Assignment:
Give the lines below again, exactly as they stand, and leave out the images.

Data for this task:
****
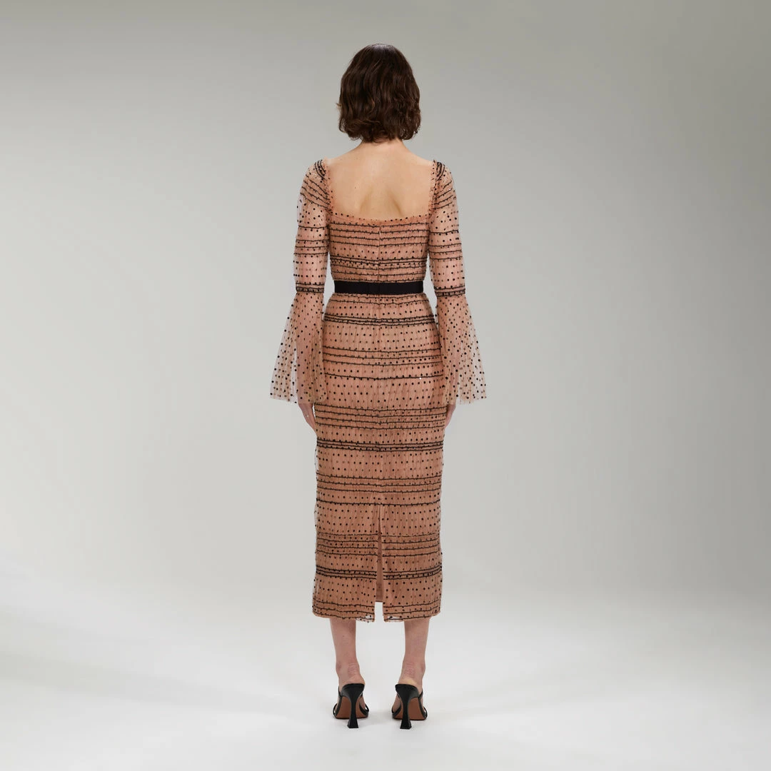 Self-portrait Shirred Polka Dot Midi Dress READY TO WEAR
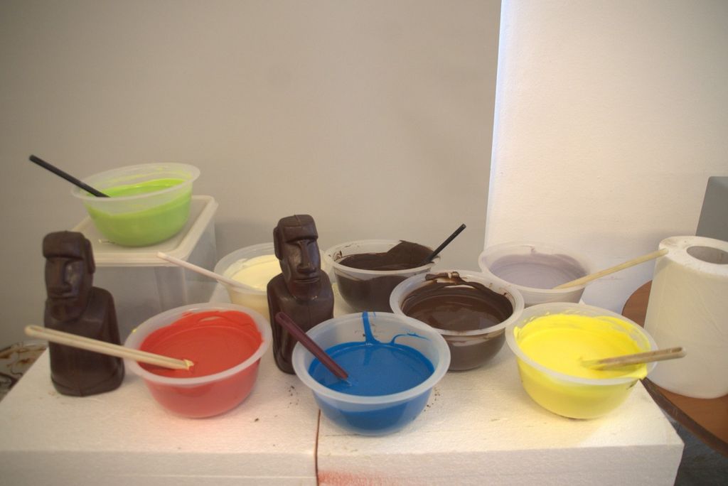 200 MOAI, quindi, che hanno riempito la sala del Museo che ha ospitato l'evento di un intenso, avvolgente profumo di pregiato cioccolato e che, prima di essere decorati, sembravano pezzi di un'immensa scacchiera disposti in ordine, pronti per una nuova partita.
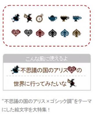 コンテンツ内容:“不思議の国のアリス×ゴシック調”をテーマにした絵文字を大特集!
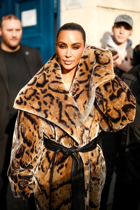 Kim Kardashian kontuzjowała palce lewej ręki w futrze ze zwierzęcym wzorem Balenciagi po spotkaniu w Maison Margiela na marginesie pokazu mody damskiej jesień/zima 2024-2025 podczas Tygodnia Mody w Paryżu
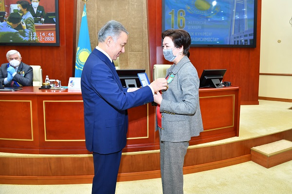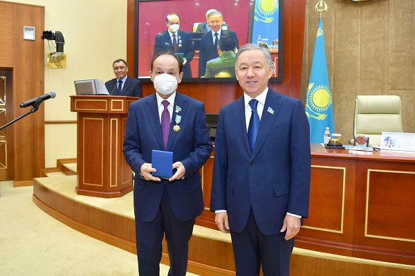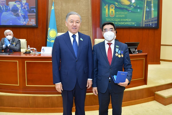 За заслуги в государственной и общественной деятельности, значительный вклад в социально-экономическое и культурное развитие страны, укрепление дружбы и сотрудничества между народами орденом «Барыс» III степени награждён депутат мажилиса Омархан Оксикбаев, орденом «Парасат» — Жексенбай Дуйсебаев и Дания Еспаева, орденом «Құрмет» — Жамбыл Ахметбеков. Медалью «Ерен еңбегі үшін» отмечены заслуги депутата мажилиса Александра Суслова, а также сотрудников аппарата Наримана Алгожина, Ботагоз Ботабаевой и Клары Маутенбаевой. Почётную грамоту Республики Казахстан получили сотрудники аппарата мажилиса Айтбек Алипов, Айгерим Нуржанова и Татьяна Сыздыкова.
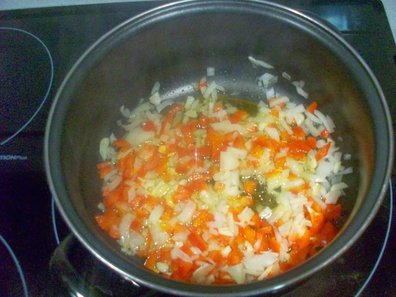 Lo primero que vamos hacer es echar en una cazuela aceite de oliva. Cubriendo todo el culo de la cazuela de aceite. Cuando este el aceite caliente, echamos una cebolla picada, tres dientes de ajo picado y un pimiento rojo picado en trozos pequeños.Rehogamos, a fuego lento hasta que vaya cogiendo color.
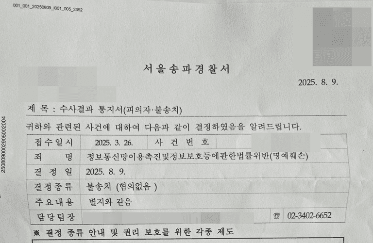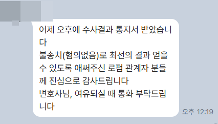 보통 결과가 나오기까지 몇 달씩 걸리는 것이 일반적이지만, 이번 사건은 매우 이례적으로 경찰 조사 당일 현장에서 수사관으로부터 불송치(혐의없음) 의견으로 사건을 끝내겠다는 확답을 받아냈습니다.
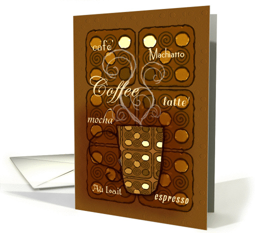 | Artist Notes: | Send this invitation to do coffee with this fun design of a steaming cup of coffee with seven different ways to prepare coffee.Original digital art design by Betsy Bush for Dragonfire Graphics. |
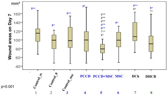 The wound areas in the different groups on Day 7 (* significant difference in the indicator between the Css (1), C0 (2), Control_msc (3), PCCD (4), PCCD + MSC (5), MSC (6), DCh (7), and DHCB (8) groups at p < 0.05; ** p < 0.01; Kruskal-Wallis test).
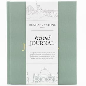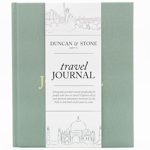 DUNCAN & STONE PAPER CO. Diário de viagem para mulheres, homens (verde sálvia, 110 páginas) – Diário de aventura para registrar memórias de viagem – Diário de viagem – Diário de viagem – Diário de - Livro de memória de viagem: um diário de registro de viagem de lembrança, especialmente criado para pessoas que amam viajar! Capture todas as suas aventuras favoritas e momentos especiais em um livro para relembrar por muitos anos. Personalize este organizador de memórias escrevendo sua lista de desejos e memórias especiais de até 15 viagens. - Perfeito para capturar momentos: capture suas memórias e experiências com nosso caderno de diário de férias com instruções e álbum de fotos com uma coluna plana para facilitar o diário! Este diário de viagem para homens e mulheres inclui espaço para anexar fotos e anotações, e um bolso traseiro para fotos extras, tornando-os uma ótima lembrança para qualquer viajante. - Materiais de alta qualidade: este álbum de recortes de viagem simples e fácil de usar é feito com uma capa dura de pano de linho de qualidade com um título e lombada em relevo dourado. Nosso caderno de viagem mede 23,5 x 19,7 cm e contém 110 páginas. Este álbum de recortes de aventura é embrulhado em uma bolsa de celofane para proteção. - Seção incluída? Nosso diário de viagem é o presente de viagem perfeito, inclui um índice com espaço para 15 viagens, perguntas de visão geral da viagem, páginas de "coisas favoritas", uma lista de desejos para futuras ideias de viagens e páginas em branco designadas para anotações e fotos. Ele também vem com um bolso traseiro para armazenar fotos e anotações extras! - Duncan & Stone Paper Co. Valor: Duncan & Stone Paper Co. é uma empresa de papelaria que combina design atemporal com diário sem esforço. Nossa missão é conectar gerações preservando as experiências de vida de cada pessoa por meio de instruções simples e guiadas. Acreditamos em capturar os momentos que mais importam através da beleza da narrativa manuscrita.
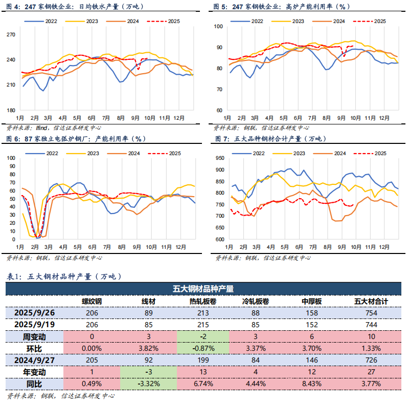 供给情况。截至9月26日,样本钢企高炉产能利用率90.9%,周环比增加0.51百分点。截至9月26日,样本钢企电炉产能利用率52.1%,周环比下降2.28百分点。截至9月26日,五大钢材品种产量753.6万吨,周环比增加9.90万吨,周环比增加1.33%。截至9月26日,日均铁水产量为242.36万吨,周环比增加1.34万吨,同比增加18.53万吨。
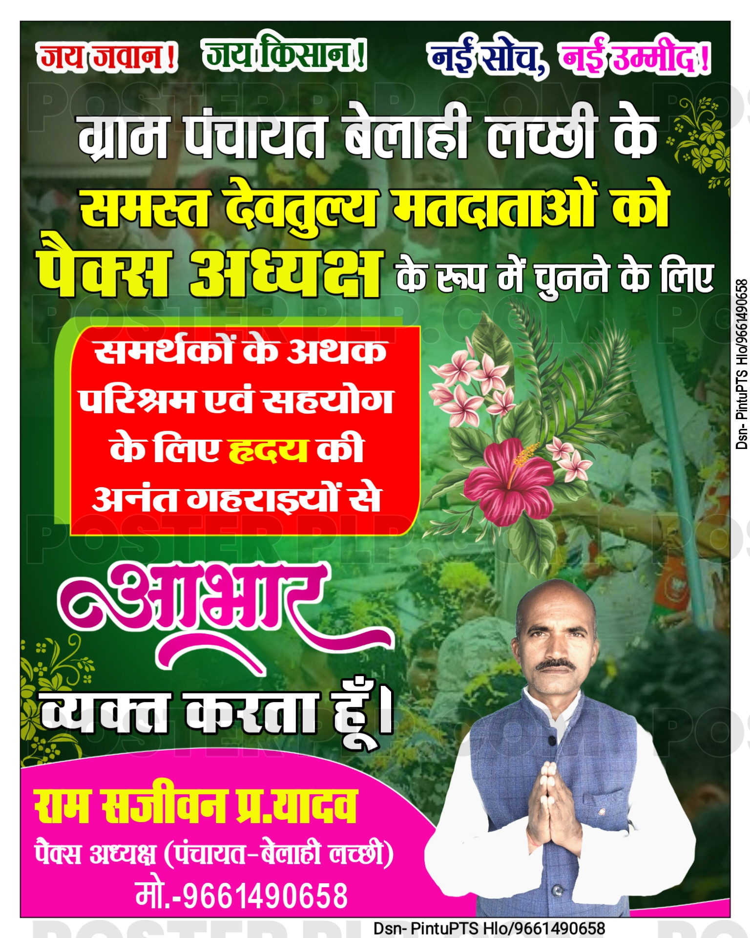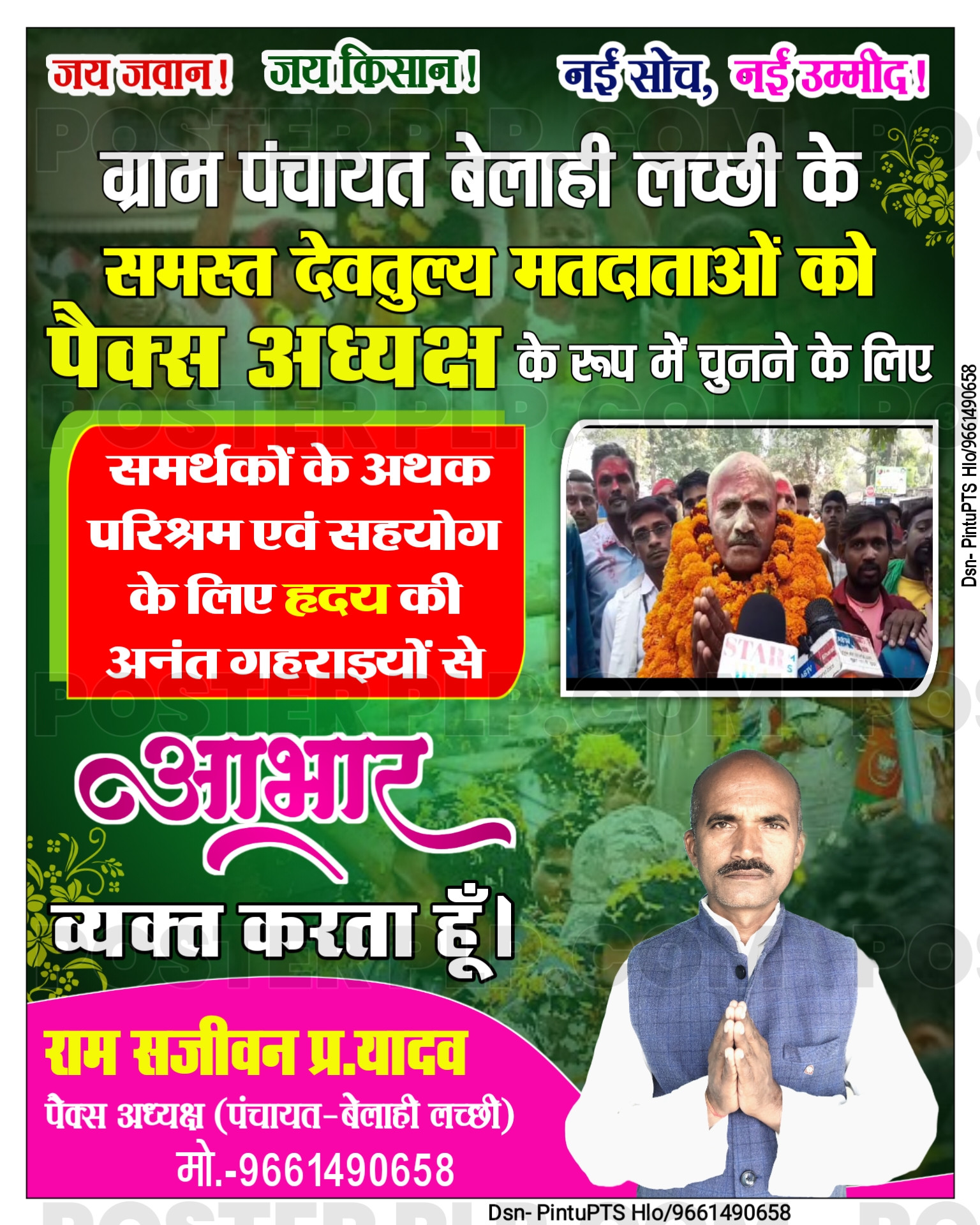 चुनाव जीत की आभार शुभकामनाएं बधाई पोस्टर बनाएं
****
Written answer:
 Self-portrait Shirred Polka Dot Midi Dress READY TO WEAR
 200 MOAI, quindi, che hanno riempito la sala del Museo che ha ospitato l'evento di un intenso, avvolgente profumo di pregiato cioccolato e che, prima di essere decorati, sembravano pezzi di un'immensa scacchiera disposti in ordine, pronti per una nuova partita.
 コンテンツ内容:“不思議の国のアリス×ゴシック調”をテーマにした絵文字を大特集!
 Kim Kardashian kontuzjowała palce lewej ręki w futrze ze zwierzęcym wzorem Balenciagi po spotkaniu w Maison Margiela na marginesie pokazu mody damskiej jesień/zima 2024-2025 podczas Tygodnia Mody w Paryżu
 За заслуги в государственной и общественной деятельности, значительный вклад в социально-экономическое и культурное развитие страны, укрепление дружбы и сотрудничества между народами орденом «Барыс» III степени награждён депутат мажилиса Омархан Оксикбаев, орденом «Парасат» — Жексенбай Дуйсебаев и Дания Еспаева, орденом «Құрмет» — Жамбыл Ахметбеков. Медалью «Ерен еңбегі үшін» отмечены заслуги депутата мажилиса Александра Суслова, а также сотрудников аппарата Наримана Алгожина, Ботагоз Ботабаевой и Клары Маутенбаевой. Почётную грамоту Республики Казахстан получили сотрудники аппарата мажилиса Айтбек Алипов, Айгерим Нуржанова и Татьяна Сыздыкова.
 Lo primero que vamos hacer es echar en una cazuela aceite de oliva. Cubriendo todo el culo de la cazuela de aceite. Cuando este el aceite caliente, echamos una cebolla picada, tres dientes de ajo picado y un pimiento rojo picado en trozos pequeños.Rehogamos, a fuego lento hasta que vaya cogiendo color.
 보통 결과가 나오기까지 몇 달씩 걸리는 것이 일반적이지만, 이번 사건은 매우 이례적으로 경찰 조사 당일 현장에서 수사관으로부터 불송치(혐의없음) 의견으로 사건을 끝내겠다는 확답을 받아냈습니다.
 | Artist Notes: | Send this invitation to do coffee with this fun design of a steaming cup of coffee with seven different ways to prepare coffee.Original digital art design by Betsy Bush for Dragonfire Graphics. |
 The wound areas in the different groups on Day 7 (* significant difference in the indicator between the Css (1), C0 (2), Control_msc (3), PCCD (4), PCCD + MSC (5), MSC (6), DCh (7), and DHCB (8) groups at p < 0.05; ** p < 0.01; Kruskal-Wallis test).
 DUNCAN & STONE PAPER CO. Diário de viagem para mulheres, homens (verde sálvia, 110 páginas) – Diário de aventura para registrar memórias de viagem – Diário de viagem – Diário de viagem – Diário de - Livro de memória de viagem: um diário de registro de viagem de lembrança, especialmente criado para pessoas que amam viajar! Capture todas as suas aventuras favoritas e momentos especiais em um livro para relembrar por muitos anos. Personalize este organizador de memórias escrevendo sua lista de desejos e memórias especiais de até 15 viagens. - Perfeito para capturar momentos: capture suas memórias e experiências com nosso caderno de diário de férias com instruções e álbum de fotos com uma coluna plana para facilitar o diário! Este diário de viagem para homens e mulheres inclui espaço para anexar fotos e anotações, e um bolso traseiro para fotos extras, tornando-os uma ótima lembrança para qualquer viajante. - Materiais de alta qualidade: este álbum de recortes de viagem simples e fácil de usar é feito com uma capa dura de pano de linho de qualidade com um título e lombada em relevo dourado. Nosso caderno de viagem mede 23,5 x 19,7 cm e contém 110 páginas. Este álbum de recortes de aventura é embrulhado em uma bolsa de celofane para proteção. - Seção incluída? Nosso diário de viagem é o presente de viagem perfeito, inclui um índice com espaço para 15 viagens, perguntas de visão geral da viagem, páginas de "coisas favoritas", uma lista de desejos para futuras ideias de viagens e páginas em branco designadas para anotações e fotos. Ele também vem com um bolso traseiro para armazenar fotos e anotações extras! - Duncan & Stone Paper Co. Valor: Duncan & Stone Paper Co. é uma empresa de papelaria que combina design atemporal com diário sem esforço. Nossa missão é conectar gerações preservando as experiências de vida de cada pessoa por meio de instruções simples e guiadas. Acreditamos em capturar os momentos que mais importam através da beleza da narrativa manuscrita.
 供给情况。截至9月26日,样本钢企高炉产能利用率90.9%,周环比增加0.51百分点。截至9月26日,样本钢企电炉产能利用率52.1%,周环比下降2.28百分点。截至9月26日,五大钢材品种产量753.6万吨,周环比增加9.90万吨,周环比增加1.33%。截至9月26日,日均铁水产量为242.36万吨,周环比增加1.34万吨,同比增加18.53万吨。
 चुनाव जीत की आभार शुभकामनाएं बधाई पोस्टर बनाएं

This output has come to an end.